Drop all images. Then write out each line below exactly as given.

Available data:

______

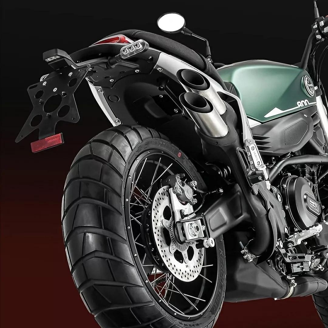 而Leoncino 800 Trail从名字上可以看出,这是一台需要应付“乡间小径”路况,具有一定烂路能力的越野攀爬车型。因此从车身配色到排气位置都做了针对性的调整,辐条轮龟背胎也足够野性,不过发动机似乎缺了一块下护板。动力和配置相比500cc又提升,手把按键背光、TFT彩色仪表、滑动离合器、马祖奇减震等等。
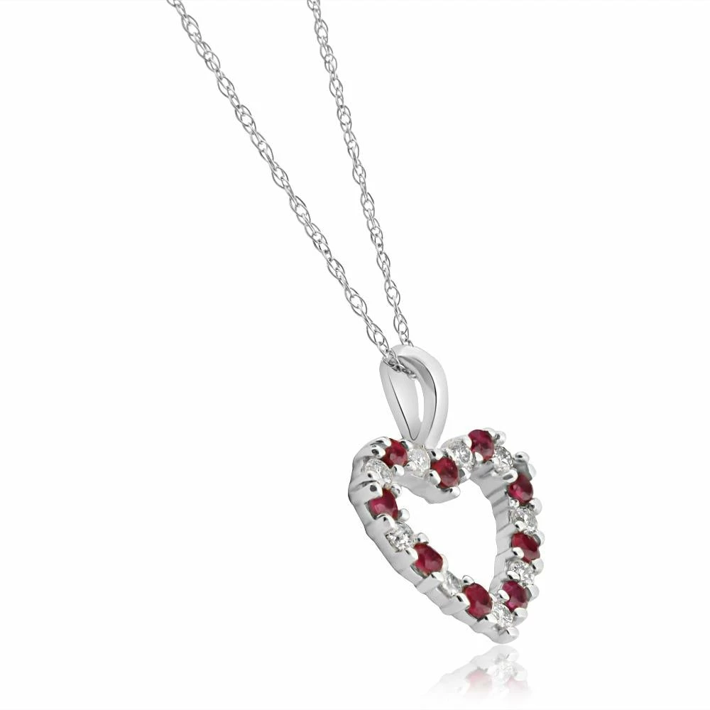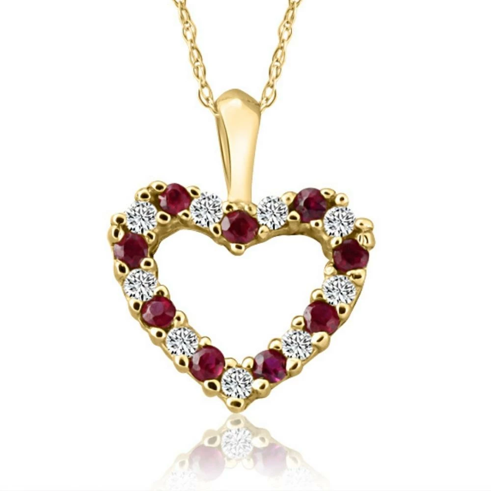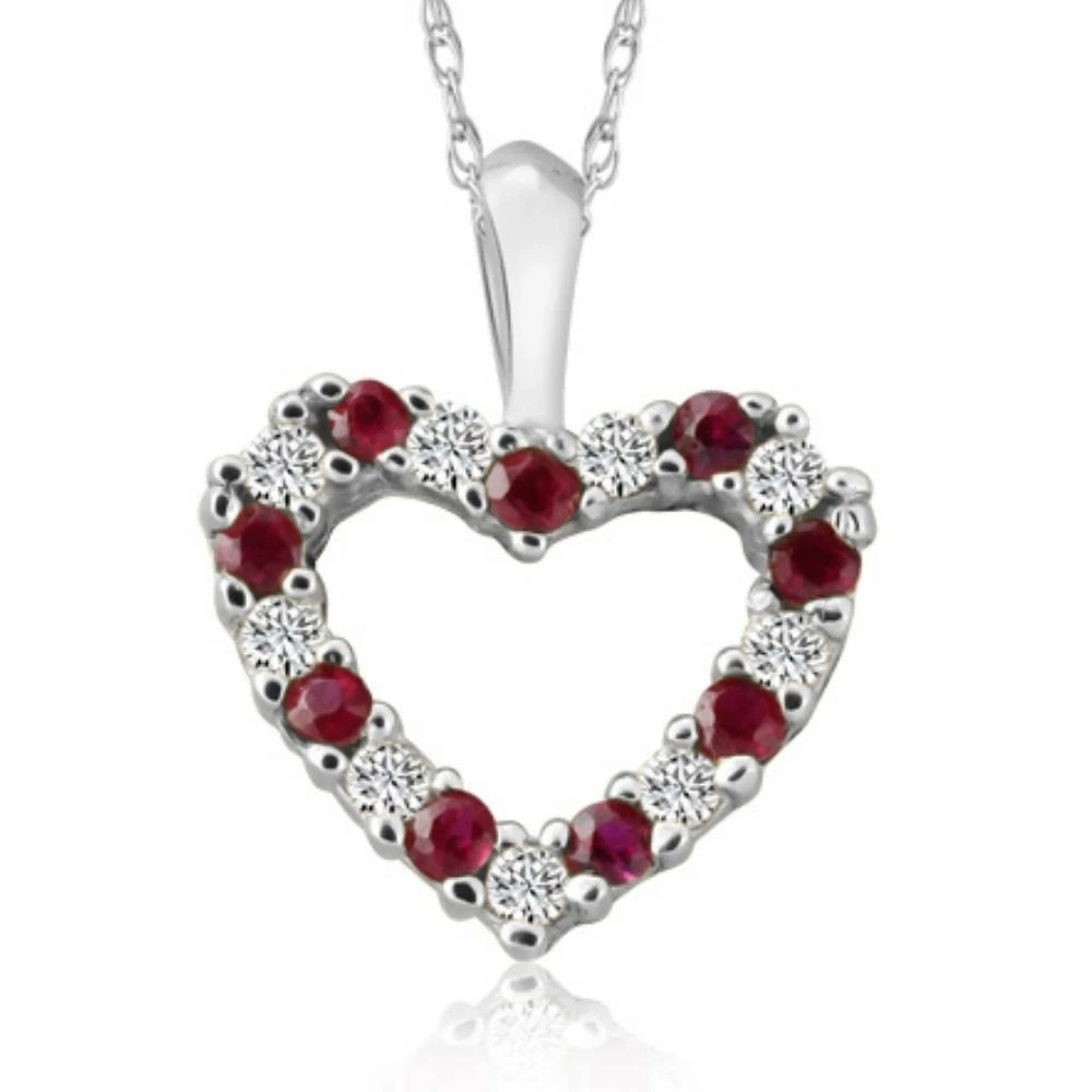This classic women’s pendant features genuine ruby and diamonds alternating in a heart shape pendant. All stones are prong set in solid 10k gold with an 18″ chain necklace.
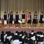 表彰・壮行会を行いました。 (水泳部、女子ソフトテニス部、珠算部、情報処理部、ワープロ部、簿記部、美術部、男子テニス部)詳しくは生徒活動情報をご覧ください。 壮行会では、東海大会に出場する生徒たちが壇上に上がり、生徒会長 …
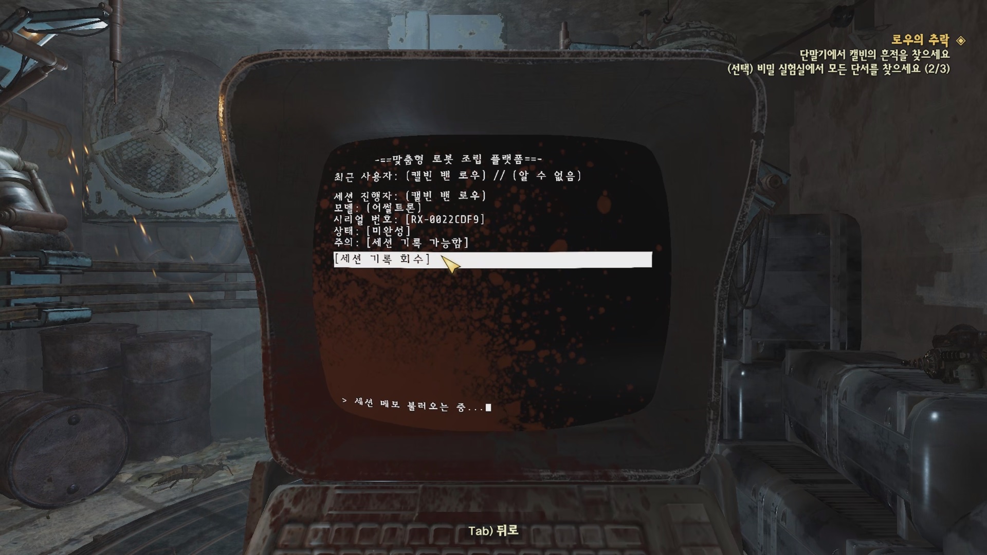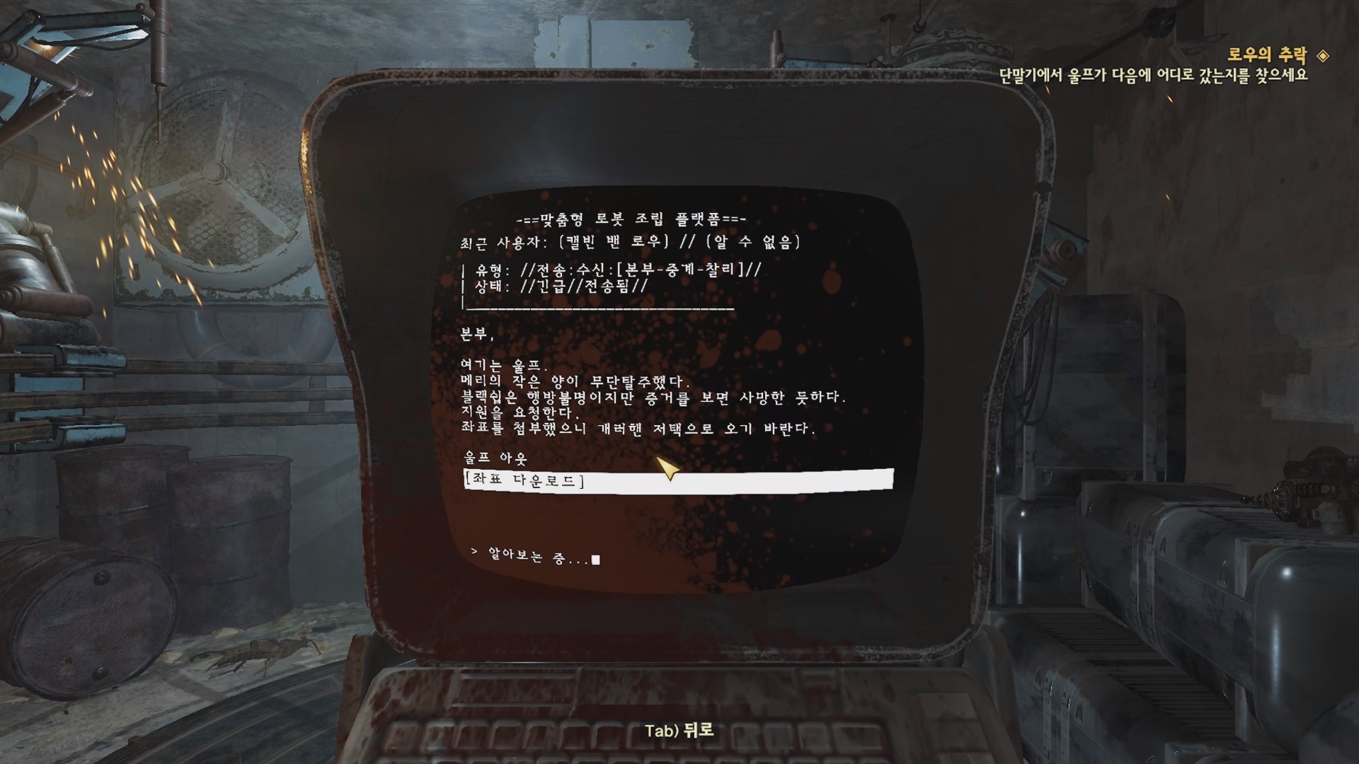 '상태 보고서 => 비상 체크인 => 좌표 다운로드'를 선택한다. 다음 목적지는 게러핸 저택이다. 좌표를 다운 받고 나면 퀘스트가 완료되고 '양 복장 울프 (Wolf in Sheep's Clothing)'로 이어진다.

______

Problem solution:
 而Leoncino 800 Trail从名字上可以看出,这是一台需要应付“乡间小径”路况,具有一定烂路能力的越野攀爬车型。因此从车身配色到排气位置都做了针对性的调整,辐条轮龟背胎也足够野性,不过发动机似乎缺了一块下护板。动力和配置相比500cc又提升,手把按键背光、TFT彩色仪表、滑动离合器、马祖奇减震等等。
This classic women’s pendant features genuine ruby and diamonds alternating in a heart shape pendant. All stones are prong set in solid 10k gold with an 18″ chain necklace.
 表彰・壮行会を行いました。 (水泳部、女子ソフトテニス部、珠算部、情報処理部、ワープロ部、簿記部、美術部、男子テニス部)詳しくは生徒活動情報をご覧ください。 壮行会では、東海大会に出場する生徒たちが壇上に上がり、生徒会長 …
 '상태 보고서 => 비상 체크인 => 좌표 다운로드'를 선택한다. 다음 목적지는 게러핸 저택이다. 좌표를 다운 받고 나면 퀘스트가 완료되고 '양 복장 울프 (Wolf in Sheep's Clothing)'로 이어진다.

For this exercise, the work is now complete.